For a SAC+HER task obs_groups has three entries — e.g. observation (start: 0), achieved_goal (start: 35), desired_goal (start: 38) — and obs_dim is their sum.

Deployment-side usage

import torch
m = torch.jit.load("policy.ts")
m.eval()
# raw obs in (training-side concatenation order); model applies scale/clip itself
actions = m(torch.tensor([[joint_pos_0, joint_pos_1, ..., joint_vel_0, ...]]))

For ONNX:

import onnxruntime as ort
sess = ort.InferenceSession("policy.onnx")
actions = sess.run(None, {"obs": raw_obs.astype("float32")})[0]

What's exported

The actor is extracted via a backend-specific shim and wrapped so the call shape is uniform:

  • rsl_rl: takes the actor module off the algorithm directly (alg._raw_actor, falling back to alg.actor) and uses its as_jit() export wrapper, which exposes a flat forward(obs) -> deterministic action with the learned obs normalizer baked in. Older releases that kept the actor under alg.actor_critic.actor (or only act_inference) are still supported.
  • skrl: wraps agent.policy.act and returns the deterministic mean (the mean_actions key) for GaussianMixin policies.
  • sb3: wraps model.policy._predict(obs, deterministic=True), which is uniform across PPO / A2C / SAC / TD3 / DDPG. For goal-conditioned SAC+HER policies the observation space is a Dict (observation / achieved_goal / desired_goal) and the SAC actor consumes all keys, so the wrapper takes the flat concatenation of those sub-spaces (in that order) and rebuilds the Dict before calling the policy — the exported model still has a single flat obs input, and the metadata's obs_groups records each sub-space's start / dim so deployers know the layout.

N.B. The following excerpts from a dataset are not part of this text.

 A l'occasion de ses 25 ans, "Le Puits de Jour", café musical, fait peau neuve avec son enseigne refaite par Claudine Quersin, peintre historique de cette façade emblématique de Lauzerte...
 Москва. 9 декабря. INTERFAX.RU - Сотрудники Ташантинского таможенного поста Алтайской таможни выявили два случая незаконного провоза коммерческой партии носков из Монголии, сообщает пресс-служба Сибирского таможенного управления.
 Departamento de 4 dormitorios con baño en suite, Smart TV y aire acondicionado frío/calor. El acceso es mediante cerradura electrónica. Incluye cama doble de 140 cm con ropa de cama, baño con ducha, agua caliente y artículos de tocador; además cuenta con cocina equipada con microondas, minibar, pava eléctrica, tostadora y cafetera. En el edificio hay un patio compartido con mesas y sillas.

SB3's ONNX export uses the legacy TorchScript-based exporter (torch.onnx.export(..., dynamo=False)): the torch.export-based default (torch ≥ 2.9) can't trace SAC's Normal distribution construction.

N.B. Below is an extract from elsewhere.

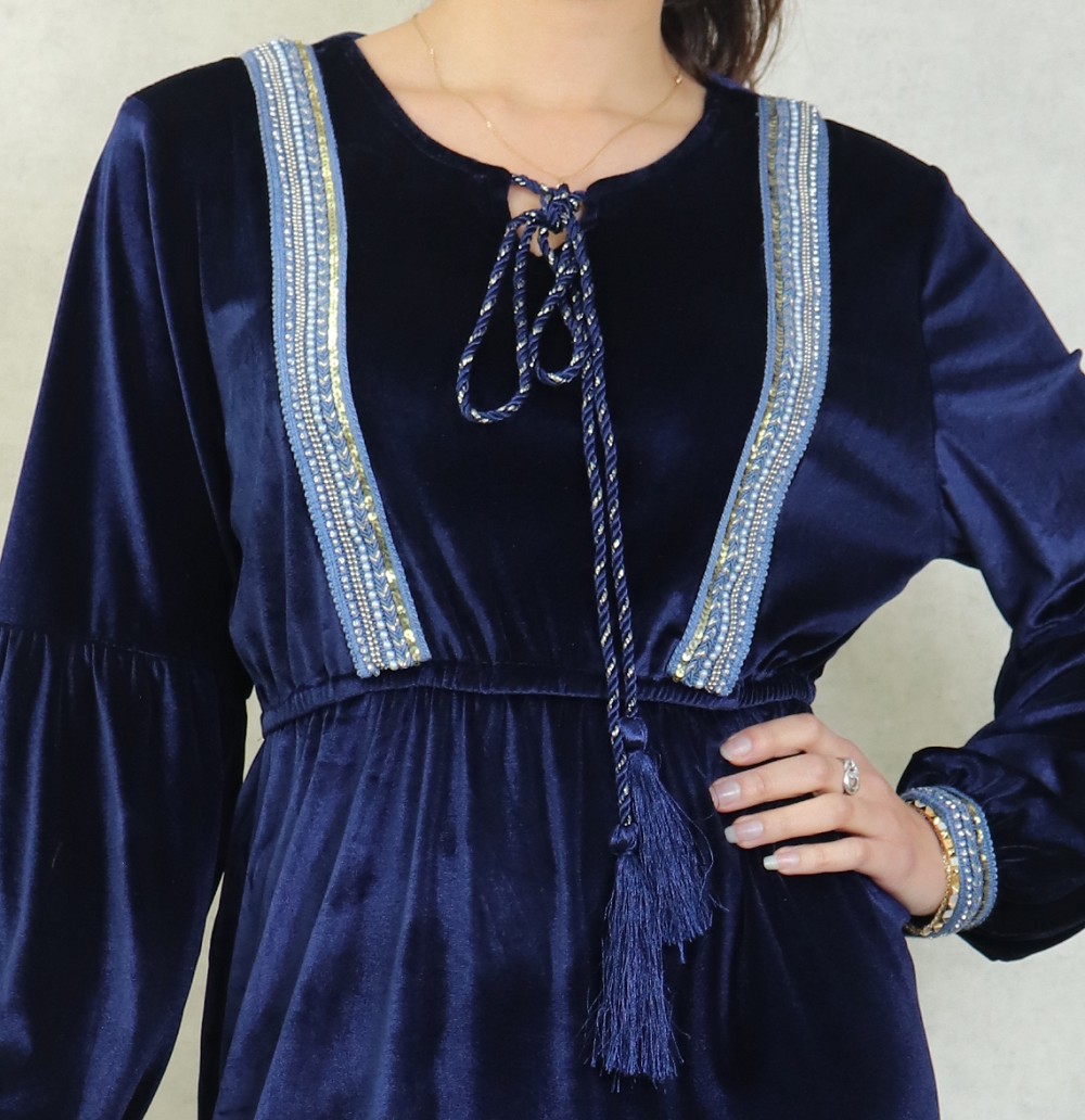 Robe orientale en velours avec broderies perles et strasses pour femme - Couleur Bleu marine

Recurrent (RNN / LSTM / GRU) policy export

Setting rnn_type on an RslRlModelCfg ("lstm" or "gru") trains a recurrent policy — it is the single knob, automatically selecting rsl_rl's RNNModel:

RslRlModelCfg(rnn_type="lstm", rnn_hidden_dim=256, rnn_num_layers=1)

genelab export then takes the recurrent path automatically (no extra flags). The metadata gains an "is_recurrent": true field plus a "recurrent" block recording rnn_type, rnn_num_layers, rnn_hidden_dim, the hidden-state shape, and the ONNX port names.

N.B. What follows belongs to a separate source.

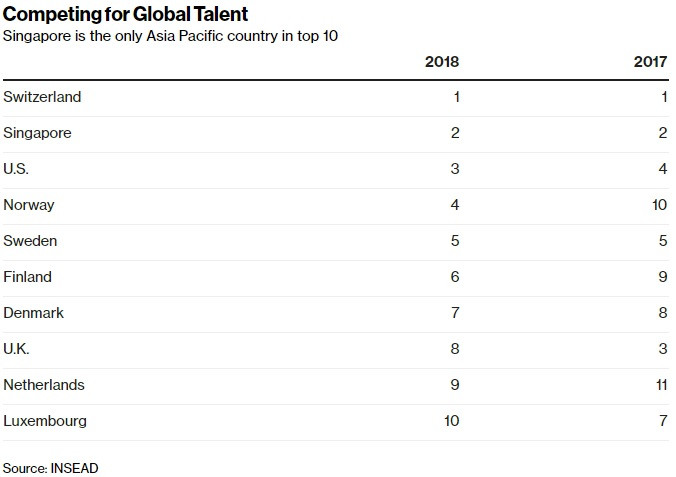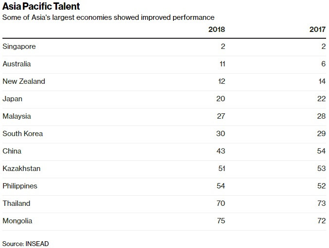 Theo INSEAD – trường kinh doanh sau đại học hàng đầu thế giới, Singapore đứng ở vị trí thứ 2 sau Thụy Sỹ về Chỉ số Canh tranh Nhân tài Toàn cầu, và là quốc gia duy nhất của châu Á lọt vào top 10. Australia đứng hạng 6 năm ngoái đã rơi xuống vị trí thứ 11, trong khi New Zealand đứng ở vị trí 12.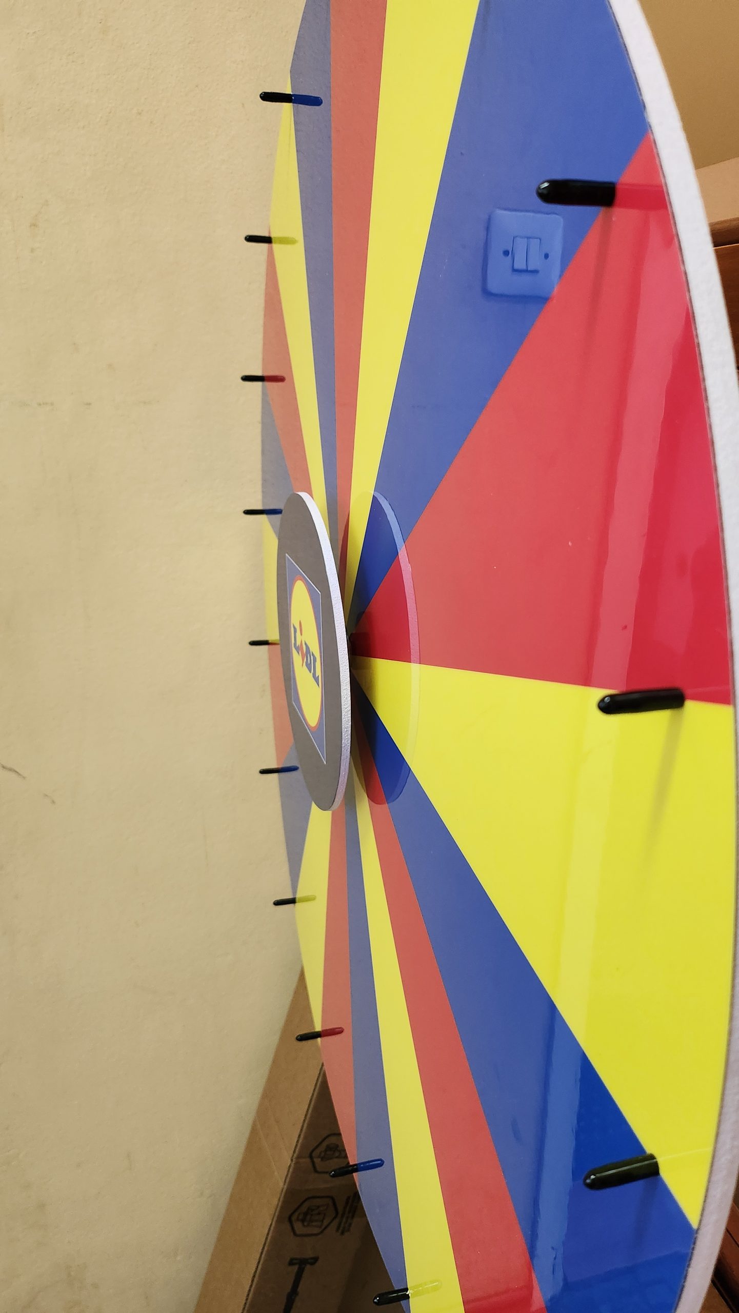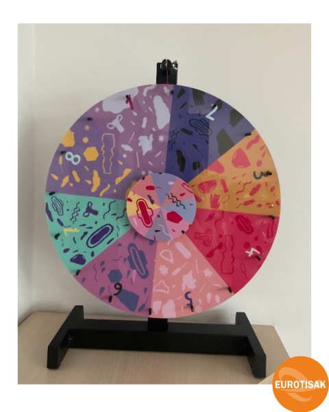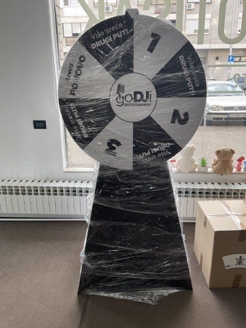 Izrađuje se u promjerima od 50, 80 do 110 cm, na stabilnom PVC ili metalnom stalku, visine A3, 170 do 180 cm. Segmenti na kolu su u potpunosti personalizirani – brojčani, s nagradama, logotipima ili porukama.

The two formats expose the hidden state differently:

  • TorchScript keeps the hidden state inside the module, so the call shape stays the single-input MLP form forward(obs) -> actions. The module also exposes a reset() method — call it at every episode boundary to zero the hidden state. The serialized buffer is fixed at batch size 1 (one deployed robot).
import torch
m = torch.jit.load("policy.ts"); m.eval()
m.reset()                       # at the start of each episode
actions = m(raw_obs)            # raw obs in; hidden state carried internally
  • ONNX exposes the hidden state explicitly. Inputs are obs, h_in (and c_in for LSTM); outputs are actions, h_out (and c_out for LSTM), each shaped (num_layers, batch, hidden_dim). Thread the returned state back in each step and zero it on episode boundaries:
import numpy as np, onnxruntime as ort
sess = ort.InferenceSession("policy.onnx")
h = np.zeros((num_layers, 1, hidden_dim), np.float32)
c = np.zeros((num_layers, 1, hidden_dim), np.float32)   # LSTM only
actions, h, c = sess.run(None, {"obs": raw_obs, "h_in": h, "c_in": c})
# GRU: actions, h = sess.run(None, {"obs": raw_obs, "h_in": h})

Play and eval rollouts reset the hidden state automatically for environments whose episode just ended, so recurrent eval metrics are unbiased.

Limitations

  • The exported model does not apply observation noise from ObservationTermCfg.noise; noise is part of training only.